Walter Carpenter: The workers behind the tourism dollars [VT Digger]
Since the Reagan Revolution, certain words have been banished from the American political lexicon, tarnished as they were with associations with communism or socialist policies. Among the simplest, and most powerful?
Workers.
It’s not a word even Obama used all that much. He preferred ‘folks.’
Trump and most others adopted less socialism! Meme-sensitive variants like ‘hard-working Americans’ or ‘blue collar Americans’ or ‘regular, everyday Americans.’

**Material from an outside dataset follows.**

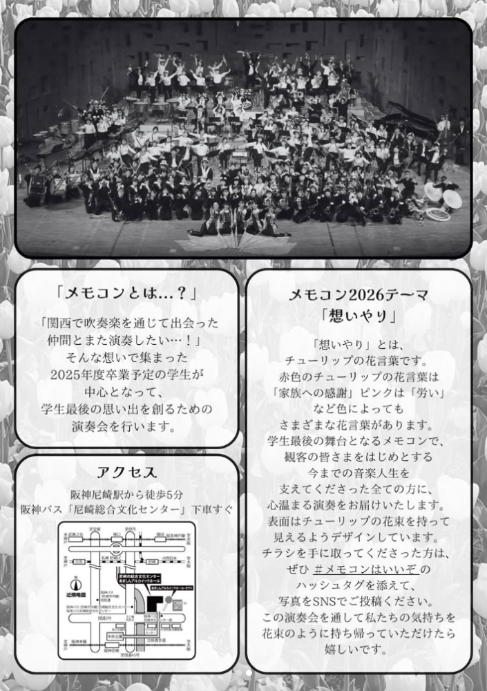 「関西で吹奏楽を通じてであった仲間とまた演奏したい...!」そんな思いで集まった2025年度卒業予定の学生が中心となって、学生最後の思い出を創るための演奏会を行います。

Why was this connected to so many articles? Why did it sit at the top of the Zeitgeist? Because the language of socialism, of talking very specifically about workers and their lives, is no longer off-limits. Sure, editorials like this would have found their way into plenty of Vermont newspapers in the past.But there’s no way in hell they would have been among the top 5 most connected to all published articles by language.
Here are the socialism-related articles (in bold) against the full network of non-financial articles.
For more about what we are observing here, be sure to keep up with the ET Election Index.
The Democrats Discover the Supreme Court [The Atlantic]
Despite its third foundational principle (in which it rather delightfully claims to be the organ of no party or clique), the Atlantic probably sits on the periphery of the 10 most influential missionaries of left-leaning politics in the US. Like many similar publications, it is an essay, analysis and opinion journal. Ordinarily I’d call this paragraph an exercise in Fiat News, but the article is obviously just a collection of the author’s opinions, and if you expected otherwise, it’s probably your own damn fault.
Regardless of how you feel about this policy idea in particular, there’s one word that should always trigger your “Why am I reading this now?” impulse. whether you see it in true news or opinion pieces: moderate. Conservative journals usually prefer the term mainstream to validate and imply the accepted nature of their opinions – National Review used the term in 320 articles in the last year alone. The trigger should be the same. There is rarely a case in which these words will be used, especially as much as moderate is in this piece, that is not intended to shape Common Knowledge about what everyone thinks everyone thinks. And it usually means that the thing or policy about which the word is being used, well, ain’t, although it’d sure be nice if everyone thought everyone thought it was.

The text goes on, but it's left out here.